The earliest text is from 2018-12-31
The latest text is from 2019-01-13


Even though `Vrt` is not a "real" library, it can still give some helpful information about what it can do:

In [5]:
help(Vrt)

Help on module Vrt:

NAME
    Vrt

CLASSES
    builtins.object
        VrtReader
    
    class VrtReader(builtins.object)
     |  VrtReader(vrt_file)
     |  
     |  Read and provide an interface to a VRT file.
     |  
     |  Methods defined here:
     |  
     |  __init__(self, vrt_file)
     |      vrt_file should be either a file object or a file name.
     |  
     |  info(self)
     |      Return a multi-line string with some summary information.
     |  
     |  map_tokens_to_field(self, tokens, field)
     |      Given a list of tokens and a field name, return a list of values in that field
     |  
     |  token_field_is_value(self, token, field, value)
     |      True iff given token has given value in given field
     |  
     |  token_values(self, field)
     |      Return a list of values seen in a named field
     |  
     |  ----------------------------------------------------------------------
     |  Data descriptors defined here:
     |  
     |  __dict__
     |  

Let's see what the functions `map_tokens_to_field()`, `token_field_is_value()` and `token_values()` can do.

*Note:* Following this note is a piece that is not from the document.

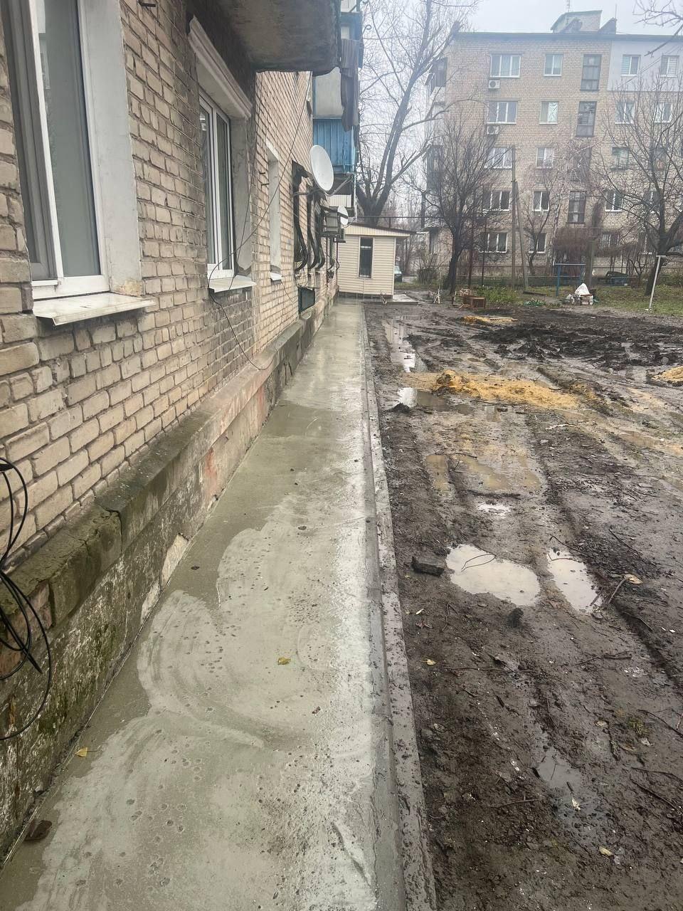 Сейчас ведется устройство отмостки и восстановление фасада здания.

First, `field_values()` lists what values the token fields have, ie. what annotations have been used in, say, the `msd` field.

In [9]:
vrt.field_values('pos')

AttributeError: 'VrtReader' object has no attribute 'field_values'

`map_tokens_to_field()` and `token_field_is_value()` can be used to filter and select tokens and fields. For now, let's do that to one singular text, using the `tokens()` of the first text in the file, ie. `vrt.texts[0]`:

In [11]:
# This will be a list of those tokens that have "V" as their "pos"
verbs_only = [token for token in vrt.texts[0].tokens() if vrt.token_field_is_value(token, "pos", "V")]
# This will be a list of the lemmas of those tokens
verb_lemmas = vrt.map_tokens_to_field(verbs_only, "lemma")
print(verb_lemmas)

['kääntyä', 'katsoa', 'huomata', 'olla', 'hohtaa', 'olla', 'muistaa', 'särkyä', 'karata', 'näyttää', 'olla', 'jatkua', 'ajatella', 'kokeilla', 'vaikuttaa', 'kiihtyä', 'seurata', 'muistuttaa', 'olla', 'ostaa', 'olla', 'ettei', 'nähdä', 'keittää', 'olla', 'lähteä', 'ellei', 'olla', 'sattua', 'laittaa', 'alkaa', 'syöttää', 'alkaa', 'kehkeytyä', 'olla', 'tietää', 'ettei', 'sijaita', 'ei', 'pystyä', 'kurkistaa', 'olla', 'peljätä', 'joutua', 'soittaa', 'ei', 'näyttää', 'kiihtyä', 'ei', 'haistaa', 'olla', 'syttyä', 'palaa', 'olla', 'terästää', 'tulla', 'tutkia', 'olla', 'onkia', 'suoristaa', 'tehdä', 'alkaa', 'nukuttaa', 'estää', 'nukahtaa', 'kontata', 'koettaa', 'työntää', 'hohtaa', 'olla', 'pulpahtaa', 'olla', 'tulla', 'riippua', 'kulkea', 'kadota', 'olla', 'hyytyä', 'olla', 'leijua', 'olla', 'upota', 'ilmestyä', 'miettiä', 'olla', 'koskea', 'alkaa', 'imeytyä', 'olla', 'kiristyä', 'alkaa', 'kiihtyä', 'upota', 'olla', 'alkaa', 'suoltua', 'kadota', 'olla', 'olla', 'olla', 'olla', 'tehdä', 'ki

Okay, that's enough for this Notebook. Feel free to play around with the data, you won't break anything. See you in the next Notebook on doing some analysis!